LLM Synthesizer: PII field styling

The LLMSynthesizer can generate tables or multi-table data from a prompt-defined schema. For columns that represent emails, names, phones, or similar fields, you can attach an optional pii block on each column definition. That metadata is turned into PII Generation Guidance in the model prompt so the LLM produces new synthetic values that match the style you describe (casing, separators, domain patterns).

Not differential privacy or legal anonymization

This feature is not the tabular Privacy levels used by RegularSynthesizer / DifferentialPrivacyLayer. It does not guarantee non-identifiability or compliance by itself. Treat pii as prompt guidance for realistic synthetic strings, and run your own privacy and compliance review when needed.

What the pii block does

  • format: A lightweight hint such as email, name, phone, company, or free_text.
  • examples: Representative values the model should mimic in style (most influential). The model must not copy them verbatim; it should invent new values in the same style.
  • pattern: A soft template (for example {first}.{last}@{domain}). It is not validated as a regular expression.
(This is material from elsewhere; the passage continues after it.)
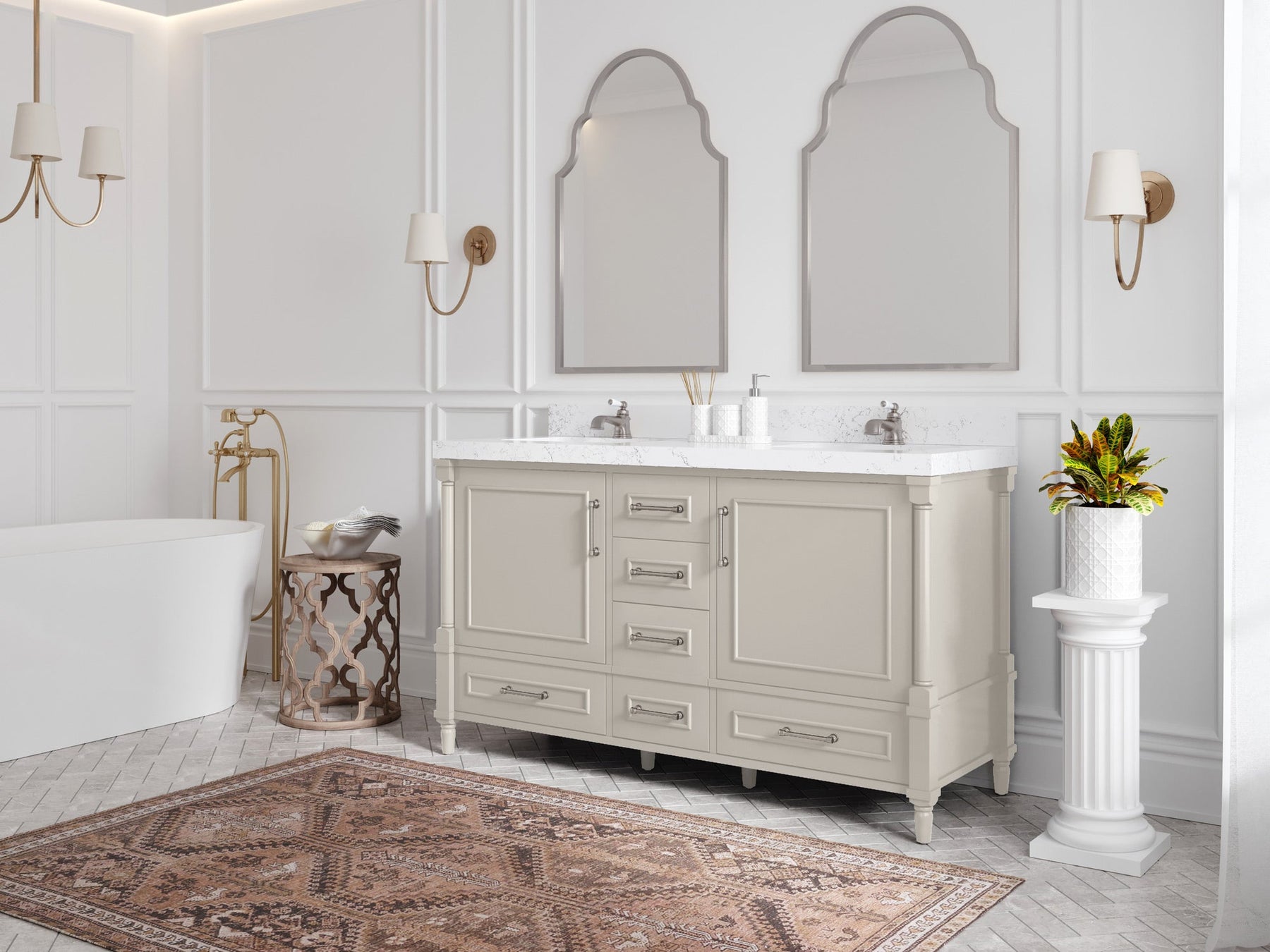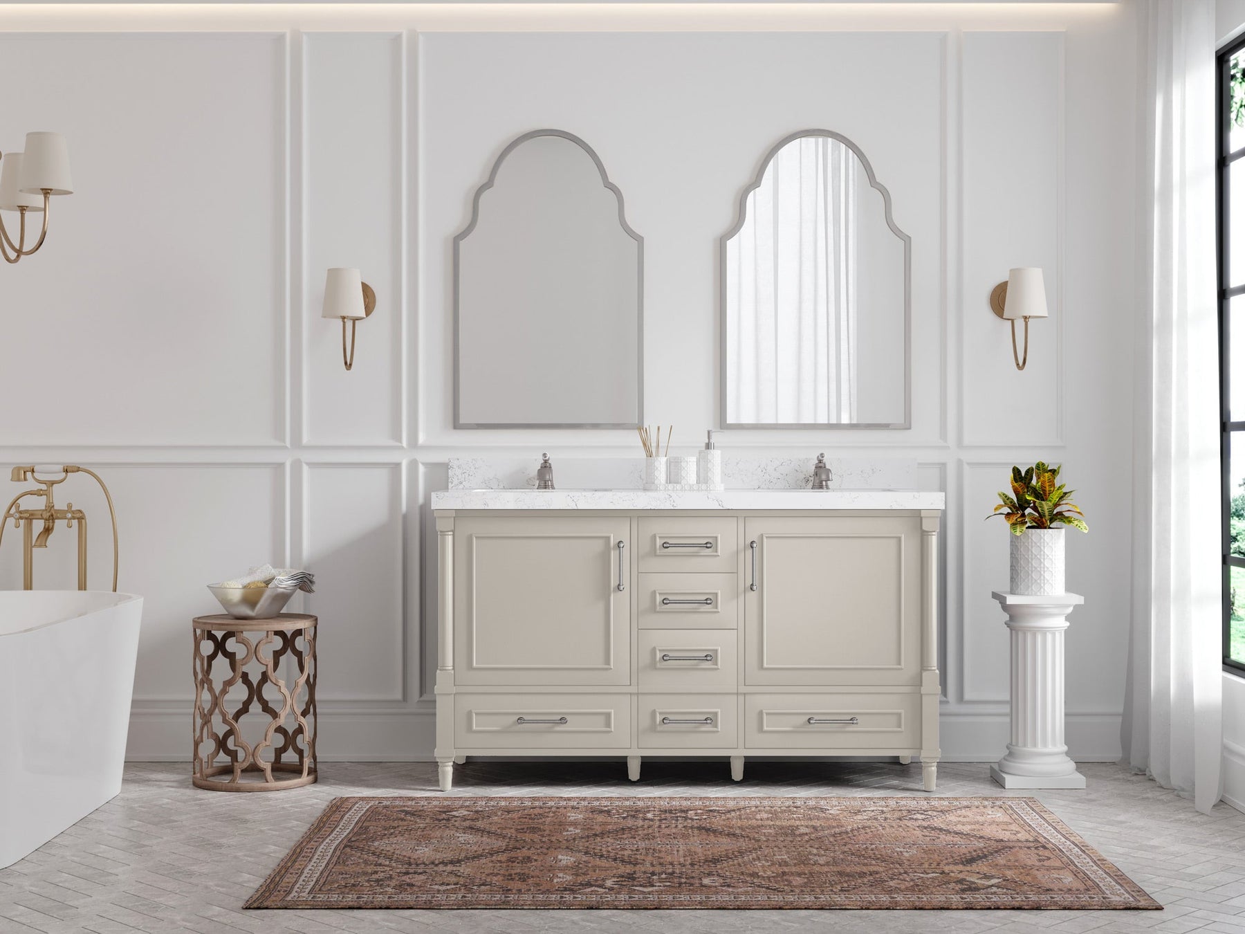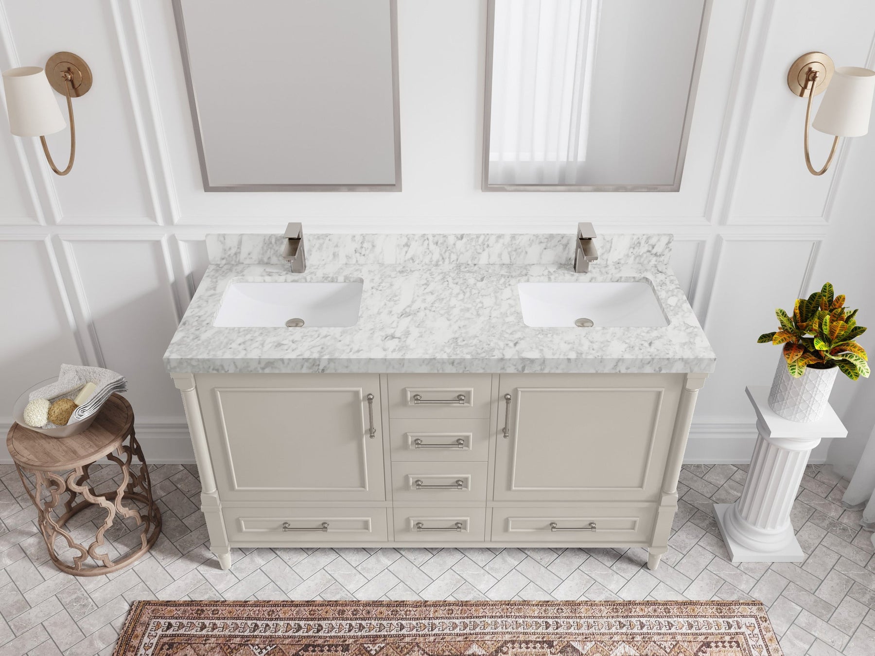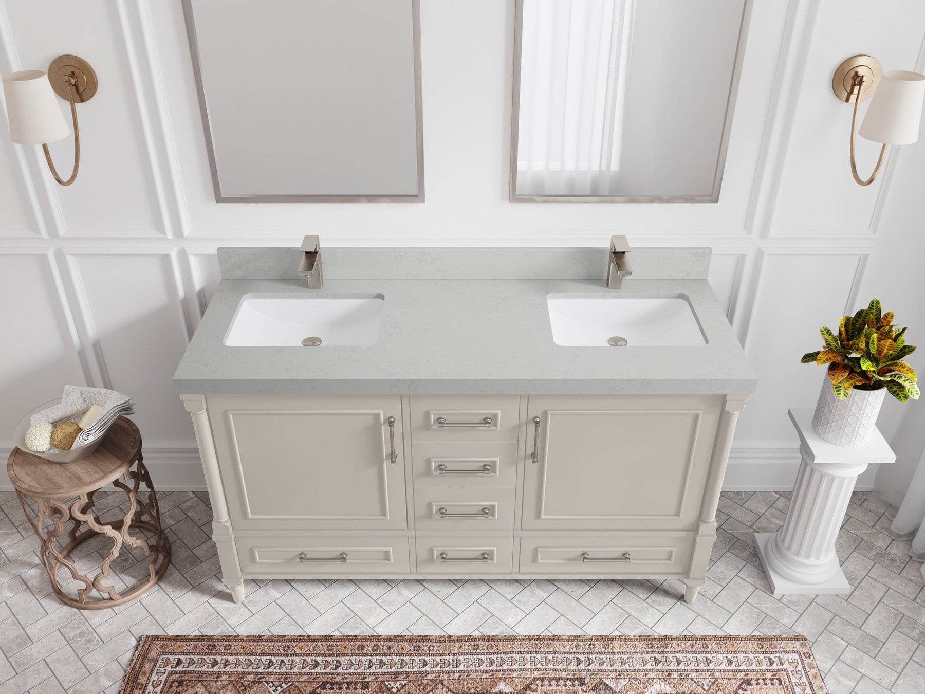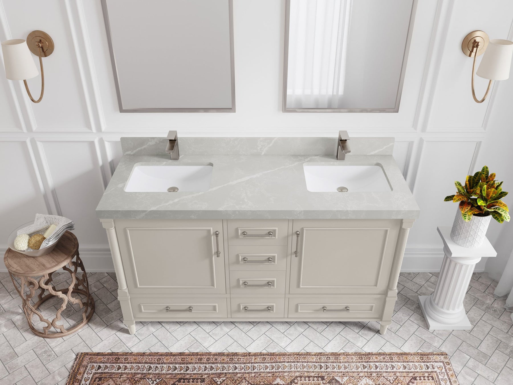 Faucet Hole(S): Comes with Single Faucet, 8 (in.) Widespread Faucet, Wall mount Faucets - Only Available for White Quartz and Carrara Quartz. (PLEASE ADD THIS CONFIGURATION UNDER COUNTERTOPS SECTION )

When several of these are present, the implementation generally prioritizes examples over pattern over format over the plain column prompt. No hard validation is applied to outputs—this is guidance, not a schema constraint.

When PII guidance is omitted

If you use fit(tables=..., existing_data=...) to enrich existing rows, PII guidance is not added for columns that already appear in the provided existing_data frame for that table (those columns are taken from your data).

Full example

The repository includes a runnable example that covers a single table and a multi-table setup with foreign keys:

"""
Example for the LLM synthesizer: controlling PII generation style.

Demonstrates how to use the ``pii`` field in column specifications to guide
the LLM when generating sensitive data such as emails, names, phone numbers,
and company names.

The ``pii`` block supports three optional knobs:
  - ``format``   – lightweight hint (email, name, phone, company, free_text).
  - ``examples`` – representative values the LLM should mimic in style (most important).
  - ``pattern``  – a soft template string (not enforced as regex).

Priority when multiple signals are present: examples > pattern > format > prompt.
No hard validation is applied — this is guidance, not constraints.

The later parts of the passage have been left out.